### The problem:
From the first line to the last, repeat the data exactly and drop the pictures.

### Records from a data source:

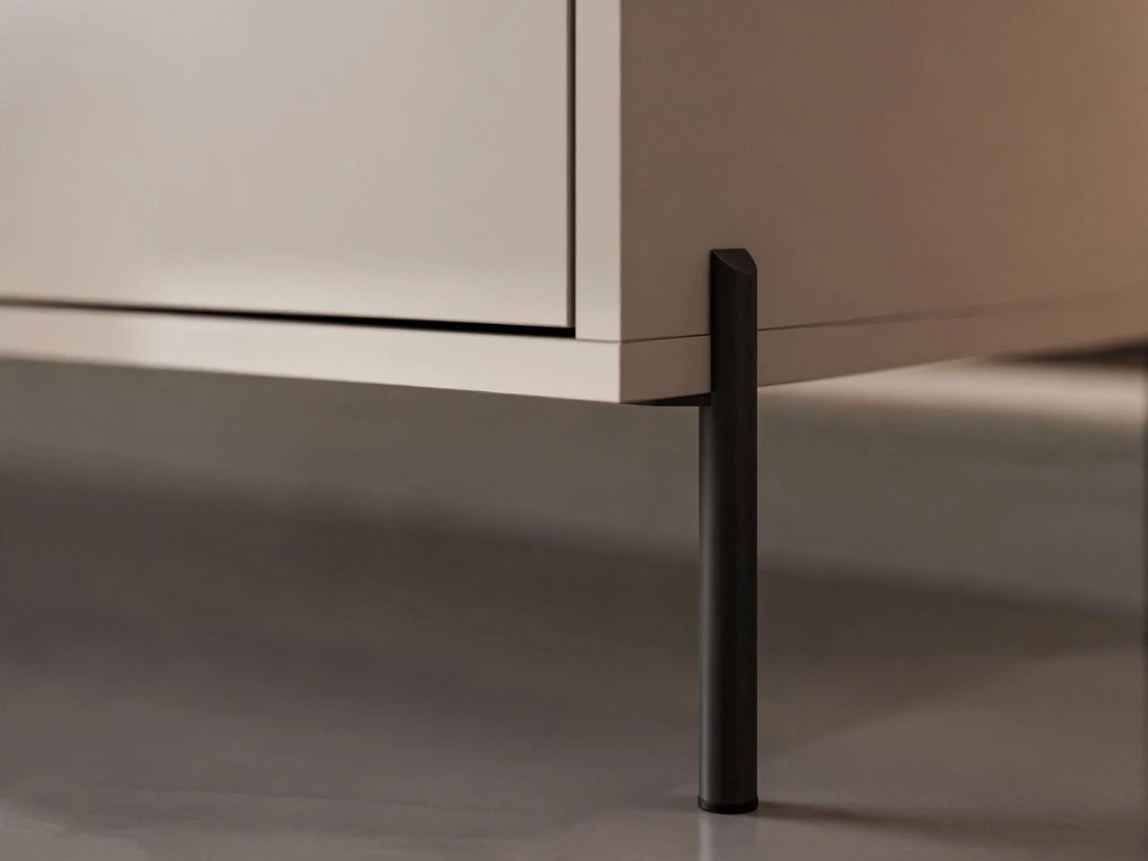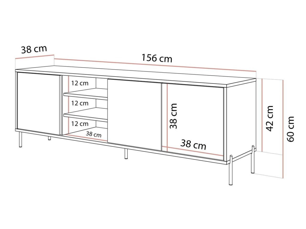 Das TV-Lowboard Vivance besteht aus einer hochwertigen laminierten Platte, deren Kanten mit ABS-Umleimer geschützt sind, was vor feinen Kratzern und mechanischen Beschädigungen schützt. In der Rückwand befindet sich eine runde Öffnung, die eine ordentliche Kabelführung nach außen ermöglicht. Die Fronten sind in Hochglanz ausgeführt, der Korpus hingegen in Matt. Das gesamte Möbel steht auf ästhetischen Metallfüßen.
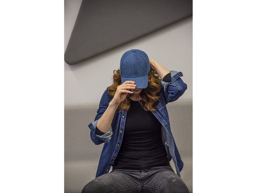 Šestipanelová čepice v džínovém vzhledu, vyztužené čelo, obšité větrací otvory a zapínání na suchý zip.
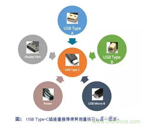 USB Type-C不但能夠減少使用的連接線,還可確保裝置之間順利協(xié)作,為使用者和消費(fèi)者的生活帶來(lái)相當(dāng)大的便利性,但卻也會(huì)為設(shè)計(jì)者和開(kāi)發(fā)人員帶來(lái)麻煩。目前,市面上已有很多類型的USB連接埠和連接線,包括Mini、Micro、Type-A、Type-B等。繁多的種類很容易造成混淆,例如行動(dòng)電話的連接埠與筆記型電腦的連接埠不同,而筆記型電腦的連接埠又和數(shù)位相機(jī)的連接埠不同。USB Type-C 將大部分的連接縮減成單一標(biāo)淮(圖1),可涵蓋所有裝置并提高可用性。USB Type-C可支援多個(gè)通訊協(xié)定,并且可向后相容于USB 2.0。監(jiān)視器、耳機(jī)、充電器以及鍵盤(pán)等幾乎所有配件都能使用USB Type-C與電腦、平板電腦和智慧型手機(jī)等裝置進(jìn)行通訊。
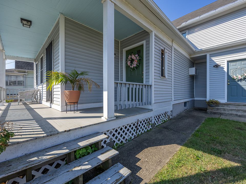 **5 UNIT POTENTIAL** This rare and versatile property offers exceptional income potential, featuring a two-family home plus an expansive contractor's garage complex - with the opportunity to create up to five income-producing units. The main home offers two spacious 2-bedroom, 1-bath apartments, perfect for owner-occupants seeking income or investors expanding their portfolio. The first-floor unit boasts bright living spaces and ample storage, while the second-floor unit includes access to a walk-up attic for storage or future expansion. A full basement adds laundry and workshop areas, while a charming front porch and fenced garden provide outdoor appeal. The standout feature is the large detached outbuilding, ideal for contractors or tradespeople, with: * A massive workshop with an oversized overhead door * Private office, conference/flex space, and full bath upstairs * Separate electric and hot water heater * A third garage bay with a half bath and a workout area With its layout and utilities, these structures offer potential to add 3 accessory units for a total of 5 rentable spaces. Conveniently located near local shops, restaurants, and major routes, this property blends income potential, functionality, and lifestyle.
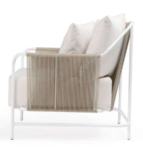 ESTRUTURA EM ALUMINIO, ACABAMENTO EM FIBRA SINTETICA, ALMOFADAS SOLTAS.
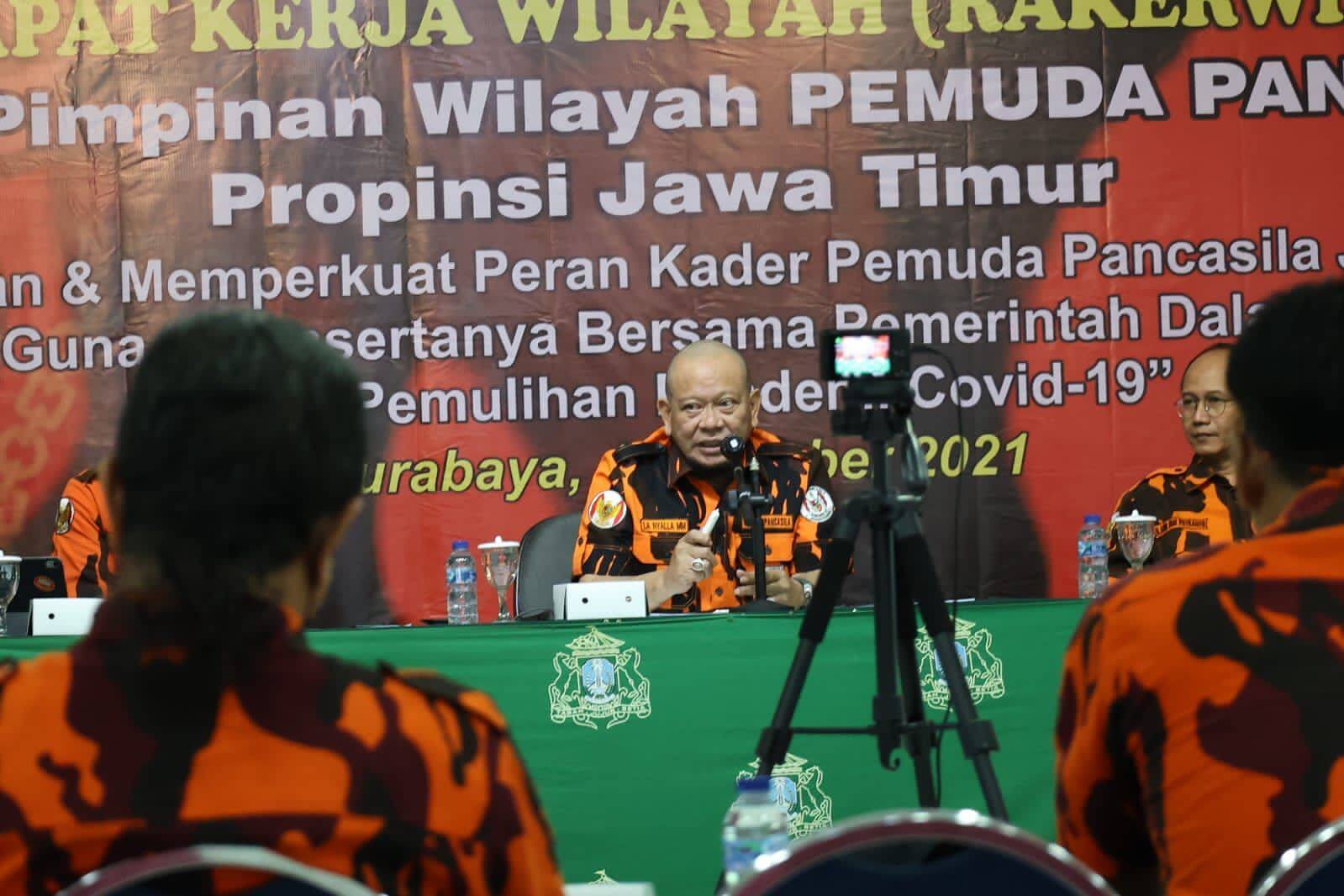 Ajakan itu disampaikan LaNyalla dalam Rapat Kerja Wilayah Pemuda Pancasila Jawa Timur di Surabaya, Minggu (10/10/2021). Rakerwil dengan tema ‘Menegaskan dan Memperkuat Peran Serta Pemuda Pancasila Jawa Timur bersama Pemerintah dalam Upaya Pemulihan Pandemi Covid-19’, diikuti Ketua MPC se-Jawa Timur dan kader lainnya.
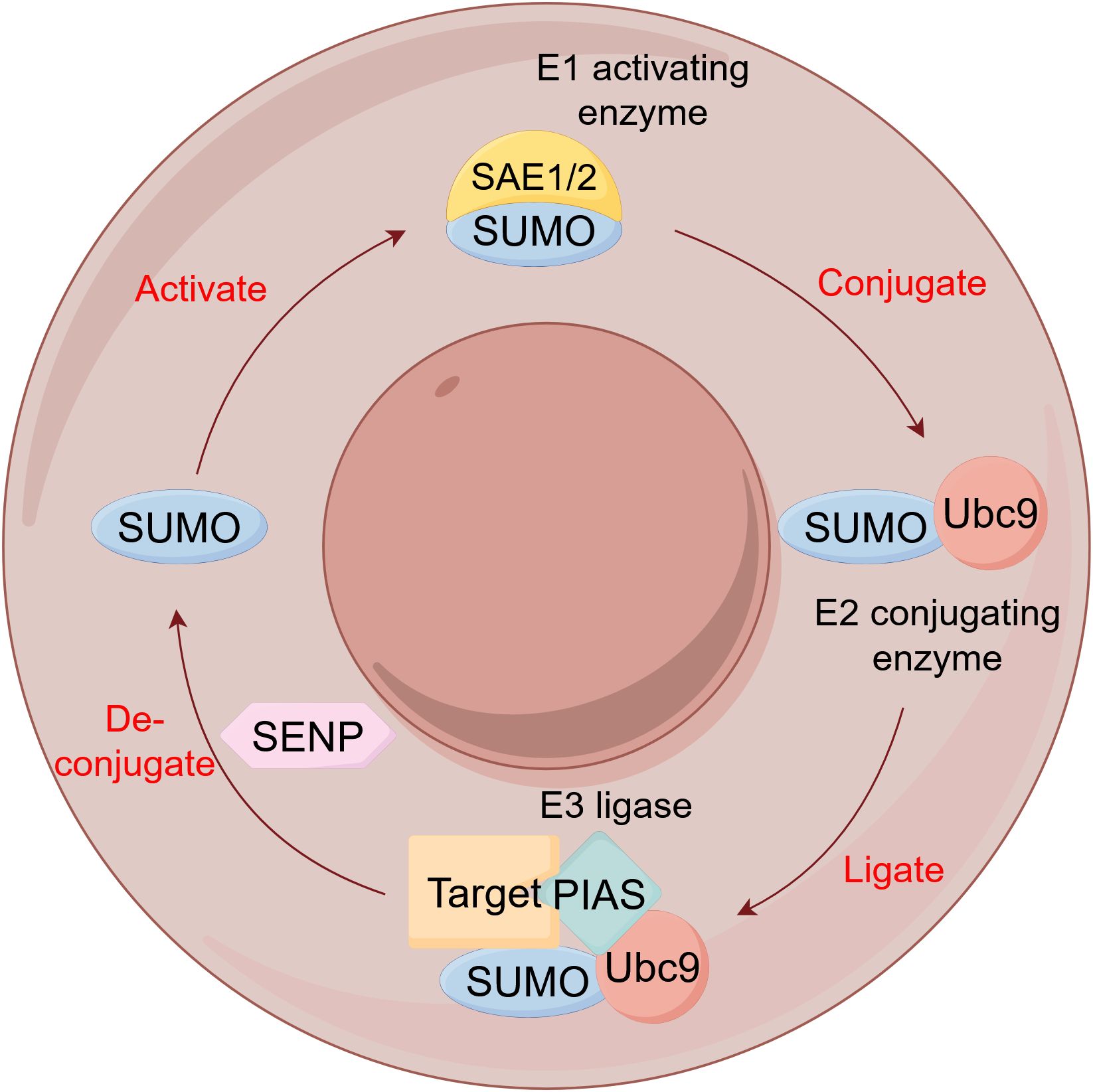 Figure 8. The SUMOylation cycle. SUMO, Small Ubiquitin-like modifier; SAE, SUMO-activating enzyme; Ubc9, Ubiquitin-conjugating enzyme 9; PIAS, Protein Inhibitor of Activated STAT; SENP, SUMO/sentrin-specific protease.
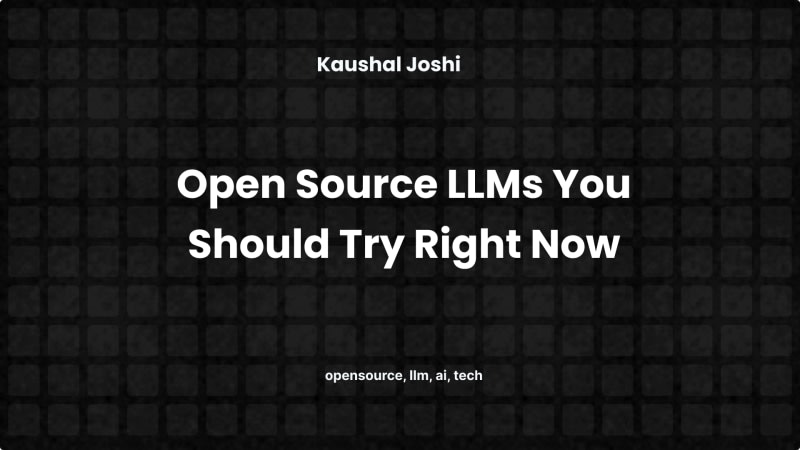 LLMs have been the talk of the town since the release of GPT-4 and ChatGPT, Large Language Models. In this blog, let's explore some of the best open-source LLMs you can use now. Open Source LLMs You Should Try Right Now.

### Response area:
 Das TV-Lowboard Vivance besteht aus einer hochwertigen laminierten Platte, deren Kanten mit ABS-Umleimer geschützt sind, was vor feinen Kratzern und mechanischen Beschädigungen schützt. In der Rückwand befindet sich eine runde Öffnung, die eine ordentliche Kabelführung nach außen ermöglicht. Die Fronten sind in Hochglanz ausgeführt, der Korpus hingegen in Matt. Das gesamte Möbel steht auf ästhetischen Metallfüßen.
 Šestipanelová čepice v džínovém vzhledu, vyztužené čelo, obšité větrací otvory a zapínání na suchý zip.
 USB Type-C不但能夠減少使用的連接線,還可確保裝置之間順利協(xié)作,為使用者和消費(fèi)者的生活帶來(lái)相當(dāng)大的便利性,但卻也會(huì)為設(shè)計(jì)者和開(kāi)發(fā)人員帶來(lái)麻煩。目前,市面上已有很多類型的USB連接埠和連接線,包括Mini、Micro、Type-A、Type-B等。繁多的種類很容易造成混淆,例如行動(dòng)電話的連接埠與筆記型電腦的連接埠不同,而筆記型電腦的連接埠又和數(shù)位相機(jī)的連接埠不同。USB Type-C 將大部分的連接縮減成單一標(biāo)淮(圖1),可涵蓋所有裝置并提高可用性。USB Type-C可支援多個(gè)通訊協(xié)定,并且可向后相容于USB 2.0。監(jiān)視器、耳機(jī)、充電器以及鍵盤(pán)等幾乎所有配件都能使用USB Type-C與電腦、平板電腦和智慧型手機(jī)等裝置進(jìn)行通訊。
 **5 UNIT POTENTIAL** This rare and versatile property offers exceptional income potential, featuring a two-family home plus an expansive contractor's garage complex - with the opportunity to create up to five income-producing units. The main home offers two spacious 2-bedroom, 1-bath apartments, perfect for owner-occupants seeking income or investors expanding their portfolio. The first-floor unit boasts bright living spaces and ample storage, while the second-floor unit includes access to a walk-up attic for storage or future expansion. A full basement adds laundry and workshop areas, while a charming front porch and fenced garden provide outdoor appeal. The standout feature is the large detached outbuilding, ideal for contractors or tradespeople, with: * A massive workshop with an oversized overhead door * Private office, conference/flex space, and full bath upstairs * Separate electric and hot water heater * A third garage bay with a half bath and a workout area With its layout and utilities, these structures offer potential to add 3 accessory units for a total of 5 rentable spaces. Conveniently located near local shops, restaurants, and major routes, this property blends income potential, functionality, and lifestyle.
 ESTRUTURA EM ALUMINIO, ACABAMENTO EM FIBRA SINTETICA, ALMOFADAS SOLTAS.
 Ajakan itu disampaikan LaNyalla dalam Rapat Kerja Wilayah Pemuda Pancasila Jawa Timur di Surabaya, Minggu (10/10/2021). Rakerwil dengan tema ‘Menegaskan dan Memperkuat Peran Serta Pemuda Pancasila Jawa Timur bersama Pemerintah dalam Upaya Pemulihan Pandemi Covid-19’, diikuti Ketua MPC se-Jawa Timur dan kader lainnya.
 Figure 8. The SUMOylation cycle. SUMO, Small Ubiquitin-like modifier; SAE, SUMO-activating enzyme; Ubc9, Ubiquitin-conjugating enzyme 9; PIAS, Protein Inhibitor of Activated STAT; SENP, SUMO/sentrin-specific protease.
 LLMs have been the talk of the town since the release of GPT-4 and ChatGPT, Large Language Models. In this blog, let's explore some of the best open-source LLMs you can use now. Open Source LLMs You Should Try Right Now.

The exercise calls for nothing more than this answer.